From: Victor Miller <victorsmiller@gmail.com>
Here's some answers (in addition you should look at Sol Golomb's Puzzle column in the Dec 2011 issue of the IEEE Information Theory Society Newsletter: http://www.itsoc.org/publications/newsletters/nits_NL_1211-Web.pdf/view which has a bunch of problems like this in even greater generality).

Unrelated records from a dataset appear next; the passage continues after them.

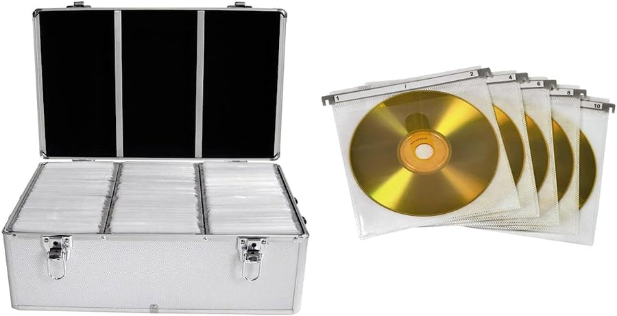 MediaRange Archivierungskoffer für 200 Discs, Aluminium-Optik, silber, 18cm & Hama CD Doppel-Schutzh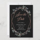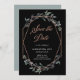Esta moda e elegante cerimônia de casamento, salvo a carta de data, apresenta uma forma geométrica falsa rosa dourada, cercada por belos galhos verdes, com a tipografia do rosa dourado na moda faux, num fundo preto rico.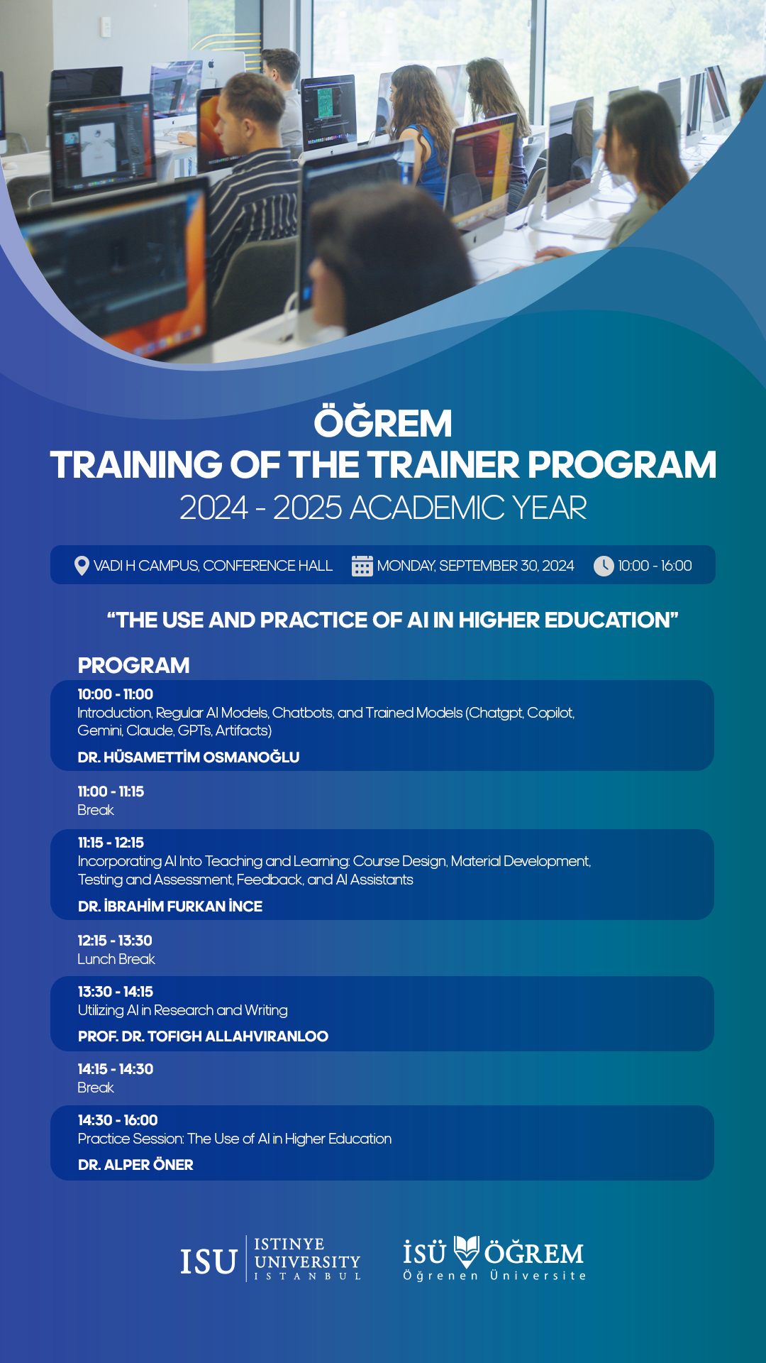 You are invited to the event to be held by Istinye University, Teaching and Learning Center (ÖĞREM) on Monday, September 30, 2024 at 10:00 at the Vadi H Campus Conference Hall.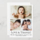 Gratidão expressa em estilo com o Simple Love and Obrigado Typoographic Photo Grid Baby Boy obrigado você, cartão de anúncio de nascimento! Apresentando um design limpo com um layout de grade de fotos, esta placa personalizável é perfeita para mostrar os momentos adoráveis de seu pequeno enquanto agradece aos amigos e à família. Uma maneira sincera e moderna de compartilhar sua apreciação. Três fotos na frente, em estilo limpo e fresco, com o nome do bebê e as estatísticas de natalidade. Ícone de detalhes cardíacos. ©lddesignloft Contacte info@lddesignloft.com se necessitar de assistência neste modelo. Uma maneira maravilhosa de obrigado dos convidados chás de fraldas, uma vez que o bebê é nascer.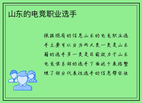山东的电竞职业选手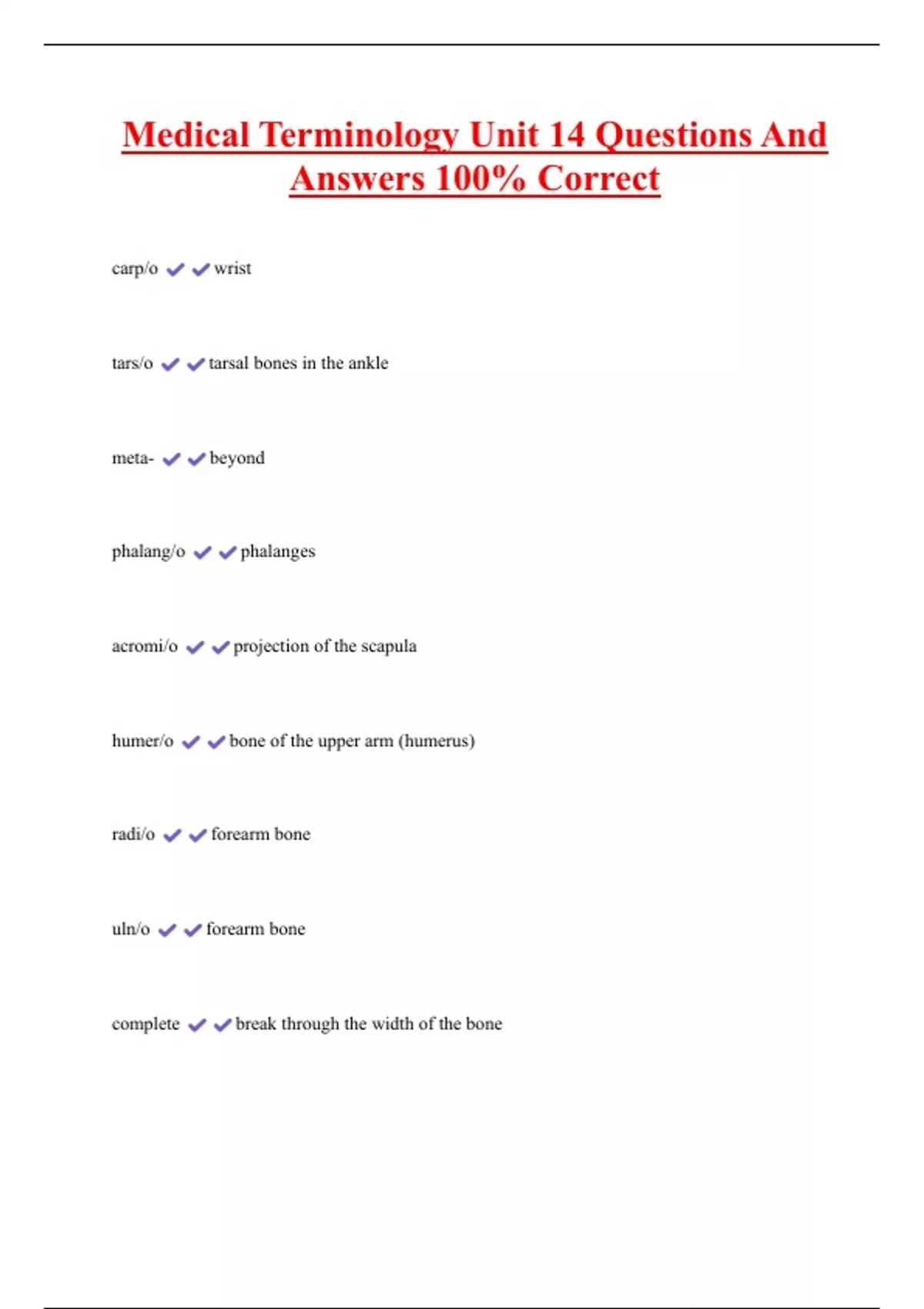 Medical Terminology Unit 14 Questions And Answers 100% Correct carp/o wrist tars/o tarsal bones in the ankle meta- beyond phalang/o phalanges acromi/o projection of the scapula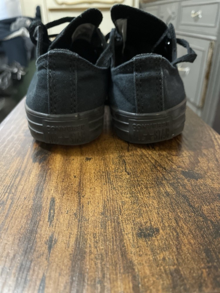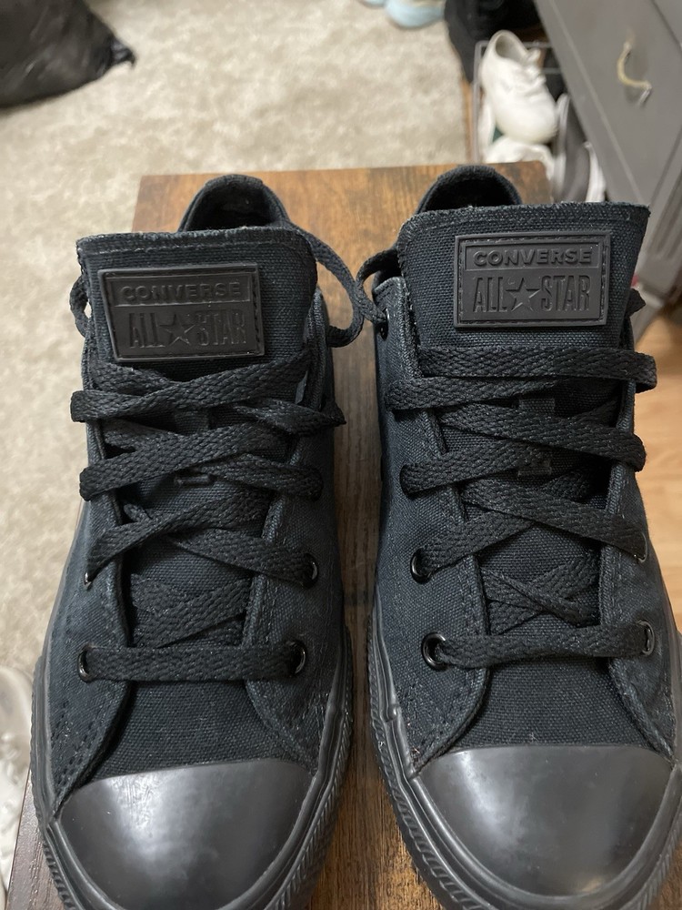 The product is a pair of Converse All Stars All Black Youth Size 3 Low Top Sneakers. These lace-up sneakers feature a round toe shape, flat heel, and rubber outsole for comfort and durability. The canvas fabric upper is accented with the iconic Converse logo, making them a stylish choice for casual occasions during the summer, fall, and spring seasons. This unisex kids sneaker is part of the Converse All Star product line and showcases a solid black color with a star theme, making it a versatile and classic addition to any wardrobe.

--thanks, Miller's were the solutions I had in mind, though I was not aware of Golomb column. In fact I'm still not aware of it since my computer refuses to open the pdf file, says it is "damaged." Anyway, I will now say what I worked out on this puzzle. If we choose n random uniformly from {1,2,...,N} in limit N-->infinity, then probability that the j-tuple n, n-1, n-2 ..., n+1-J (for some fixed J>=1) all are simultaneously free of Kth powers (for some fixed K>=2) is prf(J,K) = prod(primes p) (1 - J / p^K) or in MAPLE notation prf := (J,K,N) -> product( 1 - J / ithprime(m)^K, m=1..N ); in the limit N-->infinity. This is rigorous since the "probabilistic independence" is a rigorously valid statement in this case (e.g. see M.Kac's book if you don't understand what I mean by that). In the case J=1 we get prf(1,K) = 1/RiemannZeta(K) so prf(1,2) = 6/Pi^2 = 0.6079271016. The problem I posed was prf(2,2)=0.32263405 as best I've been able to determine (computed up to the 16000th prime and extrapolation to infinity). Also, ct:=0; for n from 1+10^6 by -1 to 2 do if( issqrfree(n) and issqrfree(n-1) ) then ct:=ct+1; fi; od; print(ct); prints 322619. Unfortunately I do not have any closed forms or rapid-convergent expressions except in the J=1 cases, although it is possible (albeit it seems to be hurting not helping) to transform the product to an interesting sum. One might dream that some of the loveliness of the zeta function, such as reflection formula, Riemann-Siegel integral formula, etc, has analogs for the more general prf function. I have no evidence for that, but since the Zeta function is a special case you would have at least a foothold to try to work on that. And as Miller noted, the chance that either n OR n-1 (or both) is squarefree is 2*prf(1,2) - prf(2,2) = 0.89322015.